Embody the positive feelings of pride or warmth or glee that you get when you experience a success.
“For pesky, recurrent negative memories of failure, try to associate them with something less weighty to, literally, lift the weight off them. Visualise them getting smaller and dimmer and add funny details to your memory. For positive memories, big them up! Imagine them on the big screen and, here’s the clincher, reimagine the feeling they bring you. Embody the positive feelings of pride or warmth or glee that you get when you experience a success. Think of a specific example, close your eyes and embody that feeling.
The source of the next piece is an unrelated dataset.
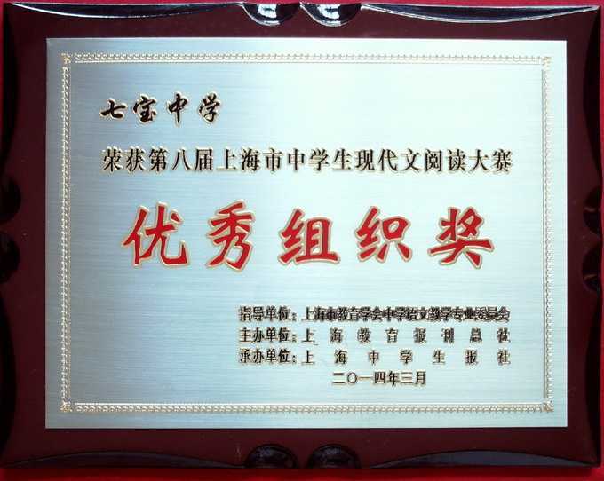 七宝中学----获第八届上海市中学生现代文阅读大赛优秀组织奖(奖牌)

It’s powerful stuff and a great motivator”.
‘Just another occasion’
Leonie echoes Kathrine in the importance of talking about your feelings around failure to reduce the emotional charge that can lead to paralysis in the moment. “As we internalise ‘failed’ efforts to achieve a goal and when we interpret them as personal failure, self-doubt and stress activate and strengthen our brain’s involuntary and reactive neural networks (limbic system). This inhibits the areas of our brain that deal with executive functioning, meaning we become less successful at problem solving and emotional control. This is simply our our physiology, but we can help by talking about the feelings to reduce the stress response and then moving on.”
Failure is simply one of life’s inevitabilities and Kathrine shares the following advice for women in business: “Those who don’t try have failed by default and if you’re a woman in business, then you already have a deep-down grit that got you this far whether you currently feel it or not.”
“So, take heart,” she advises. “Every occasion ends, and failure is just another occasion.”